The van for our tour with Albert Hammond Jr. seems as though it will be called Party Whelan. Marty Whelan is an ancient Irish television personality who my mum once accused of dying his mustache. His only current employment would appear to be announcing the Eurovision Song Contest every year for Irish television. Apparently he also hosted a successful variety programme in the 1960s that was like American Bandstand but with less leg and more bodhran.
Party Whelan is earning its title because it’s the first van we’ve had with a kitchen table layout — seats facing each other and a table in between. It also has blue disco lights. It’s quite clearly a Party on Wheels, both in terms of architecture and décor. Party Whelan even has two trucker berths up behind the back seats, which, seeing as we acquired him from a longstanding musician’s van rental company, have almost certainly played host to a large amount of coitus and have almost certainly not been sufficiently cleaned afterwards. But that’s the sort of thing you have to expect in a van named Party Whelan.
So we’re currently zooming down the A1 in the bowels of Party Whelan listening to Paul Simon’s Graceland. It is in my estimation one of the best albums I know for driving when the sun is out. It is buoyant and gung-ho and optimistic, just like the essential nature of auto travel, but it’s elegiac too, like that twinge of sadness one can feel while hurtling along a superhighway past small towns they will never know.

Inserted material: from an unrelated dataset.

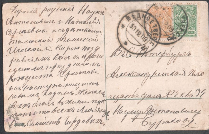 Дорогие родные Наум Антонович и Наталья Сергеевна и с детишками Тамочкой [^Томочкой] Тонечкой Иючкой и Кирою поздравляем Вас с прош. единым праздником Рождества Христова и с наступающим новым Годом Желаем всех благ в жизни поклон ото всех любящих Вас Семейств Гордовых. {от Бори сестре Гали [^Гале]} {Нижайший поклон Н. И. Бормоно[в]}

Tonight we play a show in Newcastle, a city I have never been to but one that I have a fairly strong set of preconceptions about based on my knowledge of Margaret Thatcher’s premiership and Premiership football. I recall there was one feature length film set in Newcastle which starred a young boy who ended up playing for Newcastle but was subsequently undone by the city’s vibrant nightlife scene. So that sounds promising. But the sad truth, if my burgeoning catalog of touring experience is anything to go by, is that 80% of my opinion about Newcastle after tonight will be based on the availability and speed of wireless internet.